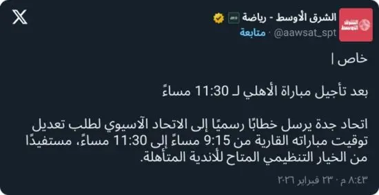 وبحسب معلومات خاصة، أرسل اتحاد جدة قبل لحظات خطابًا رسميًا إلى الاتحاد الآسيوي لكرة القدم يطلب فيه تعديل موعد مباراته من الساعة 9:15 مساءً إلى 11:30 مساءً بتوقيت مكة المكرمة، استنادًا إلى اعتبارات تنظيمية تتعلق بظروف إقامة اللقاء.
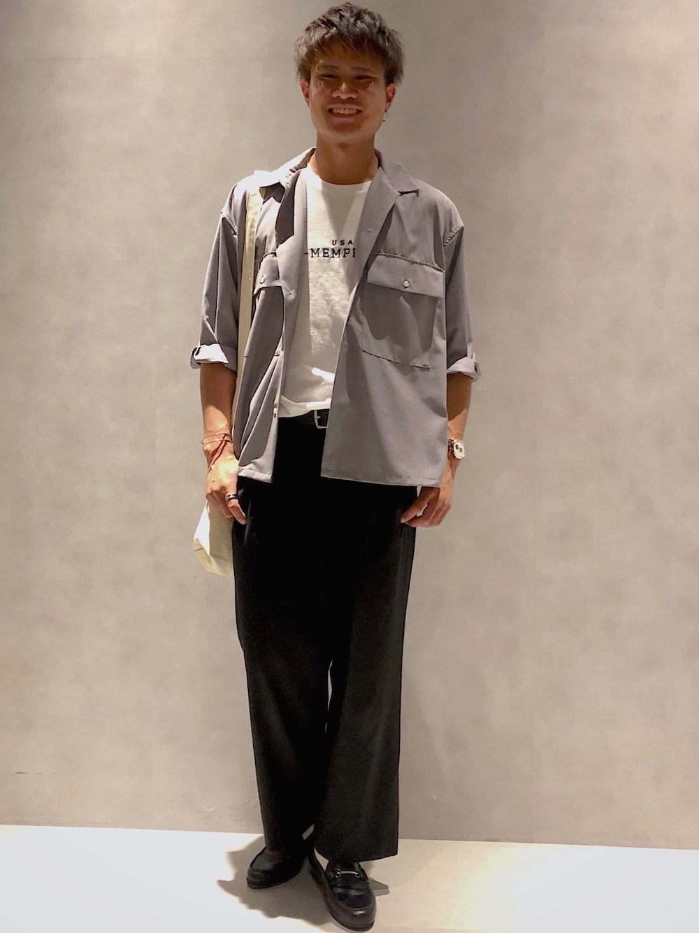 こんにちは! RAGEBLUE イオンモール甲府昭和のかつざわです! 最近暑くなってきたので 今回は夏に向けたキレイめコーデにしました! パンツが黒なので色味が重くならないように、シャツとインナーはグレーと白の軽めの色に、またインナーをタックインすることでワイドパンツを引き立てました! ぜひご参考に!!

+++

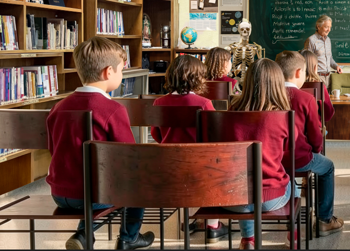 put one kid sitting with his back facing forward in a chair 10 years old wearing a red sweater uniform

+++

# [WHAT THE TASK REQUIRES]
Everything from the line above that contains "وبحسب معلومات خاصة،" down to the line that contains "こんにちは! RAGEBLUE イオンモール甲府昭和のかつざわです!" must be reproduced exactly, both ends included. Omit the pictures.

# [TASK RESPONSE]
 وبحسب معلومات خاصة، أرسل اتحاد جدة قبل لحظات خطابًا رسميًا إلى الاتحاد الآسيوي لكرة القدم يطلب فيه تعديل موعد مباراته من الساعة 9:15 مساءً إلى 11:30 مساءً بتوقيت مكة المكرمة، استنادًا إلى اعتبارات تنظيمية تتعلق بظروف إقامة اللقاء.
 こんにちは! RAGEBLUE イオンモール甲府昭和のかつざわです! 最近暑くなってきたので 今回は夏に向けたキレイめコーデにしました! パンツが黒なので色味が重くならないように、シャツとインナーはグレーと白の軽めの色に、またインナーをタックインすることでワイドパンツを引き立てました! ぜひご参考に!!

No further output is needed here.